Airbnb is valued at $25.5 Billion according to WSJ's Stock Tracker.
That means the startup unicorn is more valuable then Marriott and Hilton.
Airbnb has an awesome product (I'm writing this from an Airbnb in Oakland, CA, right now).
I've recently read a few articles that shed some light on a few growing pains and where some limiting factors may come in to the picture.
- Anyone having issues refinancing their Airbnb?
- Airbnb income: How it can mess with your mortgage refi
- Being an Airbnb Host Could Raise Your Interest Rate
Just read through the host comments and you'll see consistent refi issues.
What if Airbnb decided to offer financing options to hosts?

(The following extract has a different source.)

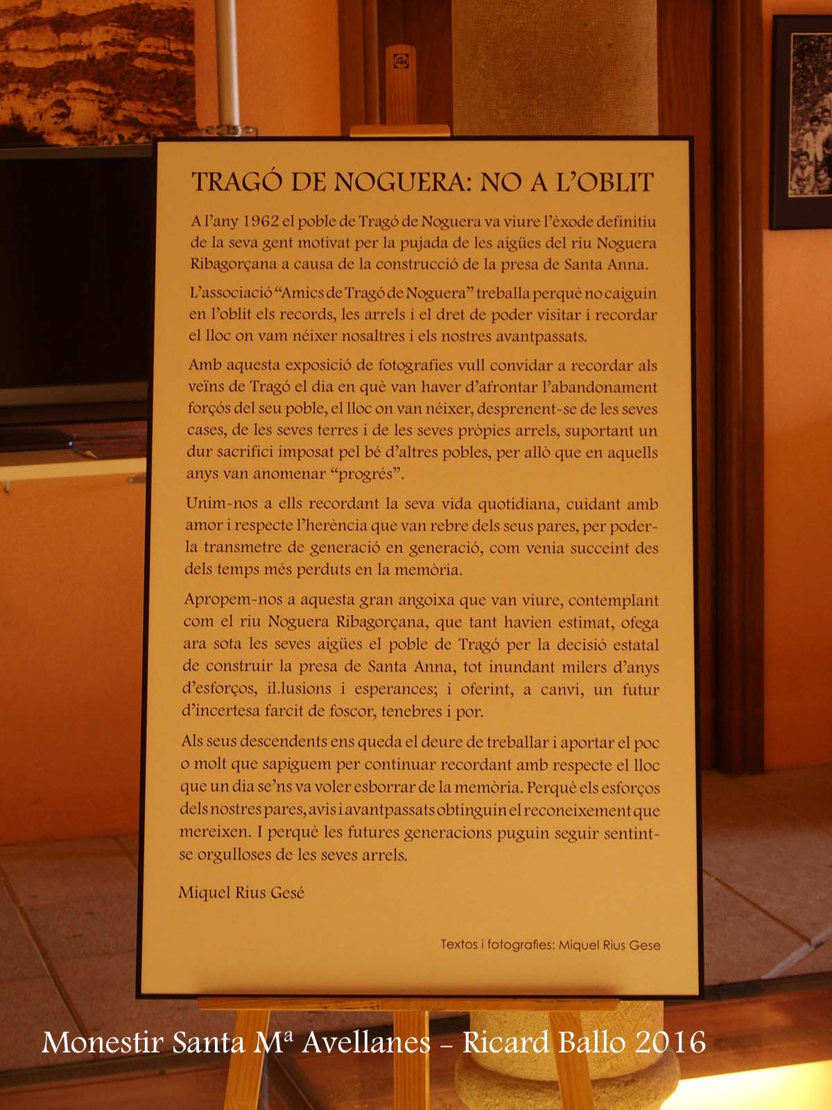 - El dia de la nostra visita vàrem trobar una exposició de fotografies: “ A l’any 1962 el poble de Tragó de Noguera va viure l'èxode definitiu de la seva gent motivat per la pujada de les aigües del riu Noguera Ribagorçana a causa de la construcció de la presa de Santa Anna.

Here's three reasons why they should:
They already have a relationship with the hosts: and it’s probably way better than the relationship the hosts have with their bank. They've built a brand around trust in the community, communicate with them more often and truly understand their value. It's core to them. It could be a natural switch to go from market-maker to all-in-one platform. In short, Hosts would trust Airbnb to not screw them over.
They have all the data: about which properties rent the best in what area, the rates they rent at (cashflow), credit-worthiness tied to their ratings (25 ratings of 5+ means it’s an exceptional borrower, for instance). And much, much more. I actually think that their underwriting analysis metrics could be more accurate than traditional lending structures. Social Finance has proven that.
It would be good for the network. Hosts aren't able to keep an Airbnb operation going without funding. Airbnb wants more listings, hence their growth will be limited unless they do something about it.
There are many reasons why they won't do this: It's not a core competency and the business is different.
My argument is that it's not much of a change from a business standpoint to flip a funding switch. The challenges I see are mostly regulatory and compliance driven.
Current options from traditional funding structures are limiting and that probably won't change anytime soon.
There is an opportunity for an enlightened and well-positioned company to meet market demands (this goes for Tiny Homes too, which is another market that banks are scared to death of).
Banks think they don’t need the business. It's myopic in my view, but having worked for a Bank for 7-years I know: they don't understand it and mostly they don't care enough.
Banks are undervaluing the asset because they don't feel they can rely on the cashflow, they're scared of insurance and taxes and other legalities; and there's enough business out there for them that they don't need to try and understand it.
But the plethora of market refinance options won't last forever.
The most likely scenario (or at least fastest) if Airbnb were to get into this market, would be to partner with an established banking partner. It would get their foot in the door and they can leverage the partner's banking charter.
We'll see, maybe they're already doing this, maybe they never will. I know for me, if I ever decided to become an Airbnb host then I would be looking for an enlightened lender - and those are unicorns in a different sense.